TASK:
Pictures must not appear in the copy. Restate exactly the lines below from the one with "アンティーク家具 フランスアンティーク オーク材" through the one with "Sleek Michael Kors", inclusive.

INFORMATION PROVIDED:
*-*-*

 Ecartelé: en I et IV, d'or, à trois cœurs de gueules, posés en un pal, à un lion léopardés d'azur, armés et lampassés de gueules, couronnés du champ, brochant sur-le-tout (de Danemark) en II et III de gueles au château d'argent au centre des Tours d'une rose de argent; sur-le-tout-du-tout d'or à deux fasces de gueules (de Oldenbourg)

*-*-*

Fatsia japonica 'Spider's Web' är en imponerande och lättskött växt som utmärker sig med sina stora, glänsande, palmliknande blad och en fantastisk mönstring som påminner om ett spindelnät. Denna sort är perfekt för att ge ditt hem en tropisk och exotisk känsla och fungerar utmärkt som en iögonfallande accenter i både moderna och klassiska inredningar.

*-*-*

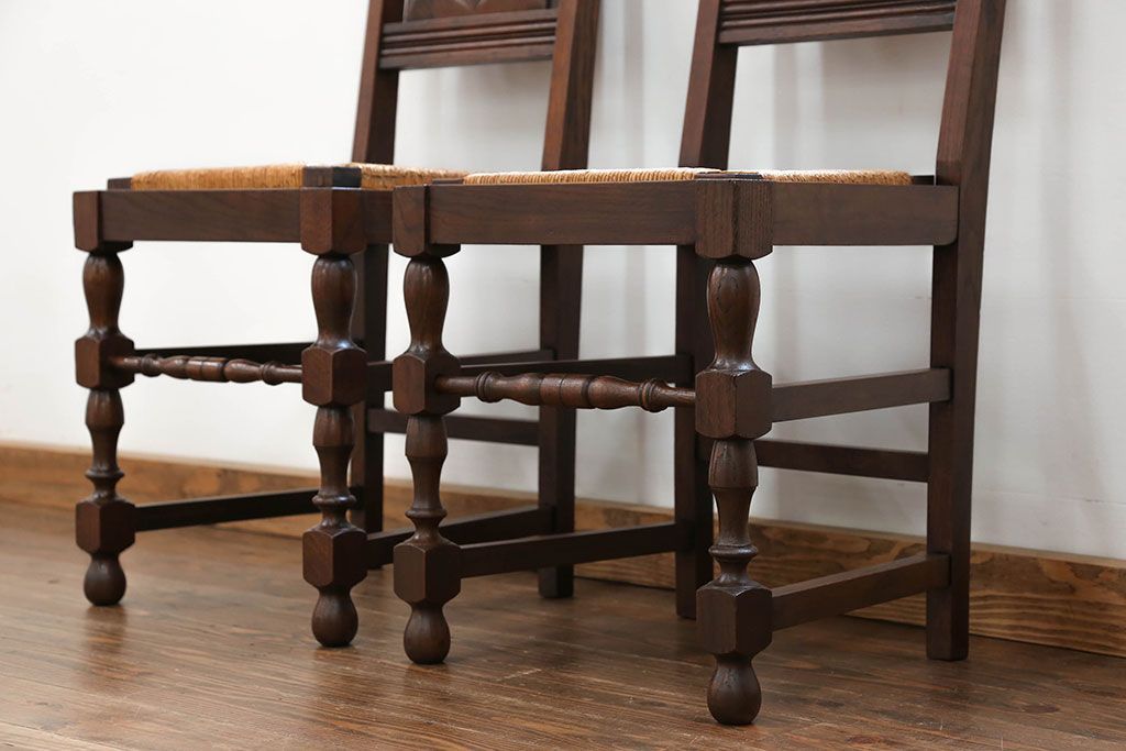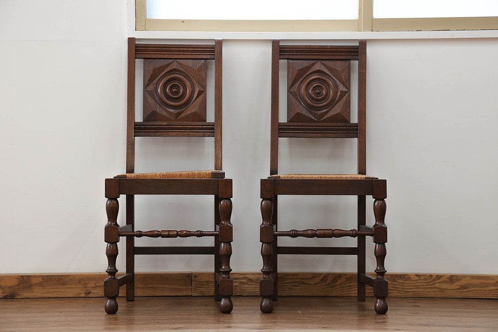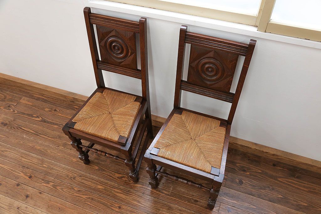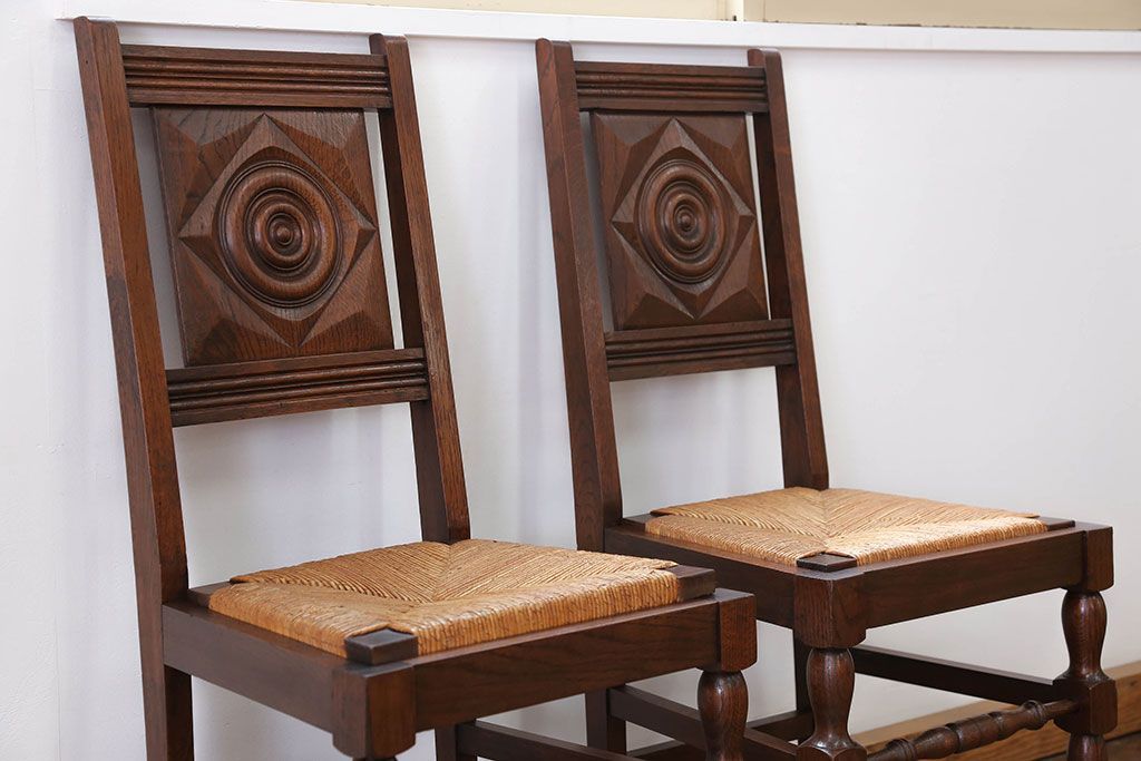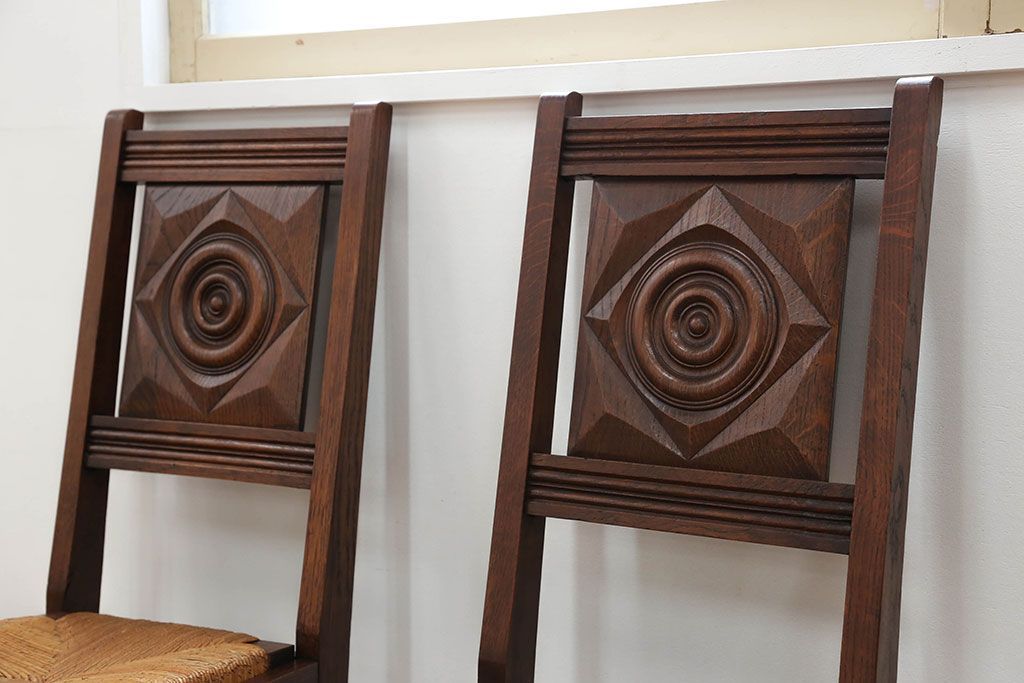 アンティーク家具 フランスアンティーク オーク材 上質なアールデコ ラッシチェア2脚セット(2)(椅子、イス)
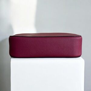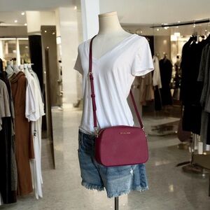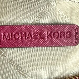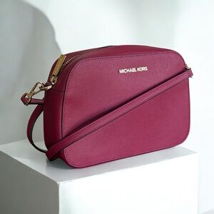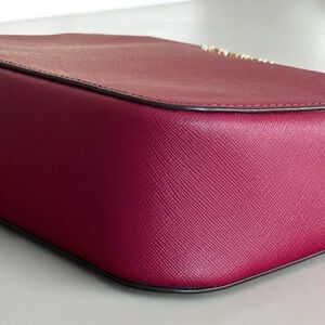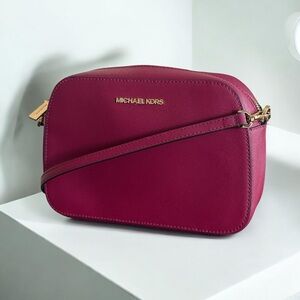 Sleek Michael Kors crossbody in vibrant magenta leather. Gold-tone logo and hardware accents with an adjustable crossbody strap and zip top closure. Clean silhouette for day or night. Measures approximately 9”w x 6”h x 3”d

*-*-*

EXERCISE RESPONSE:
 アンティーク家具 フランスアンティーク オーク材 上質なアールデコ ラッシチェア2脚セット(2)(椅子、イス)
 Sleek Michael Kors crossbody in vibrant magenta leather. Gold-tone logo and hardware accents with an adjustable crossbody strap and zip top closure. Clean silhouette for day or night. Measures approximately 9”w x 6”h x 3”d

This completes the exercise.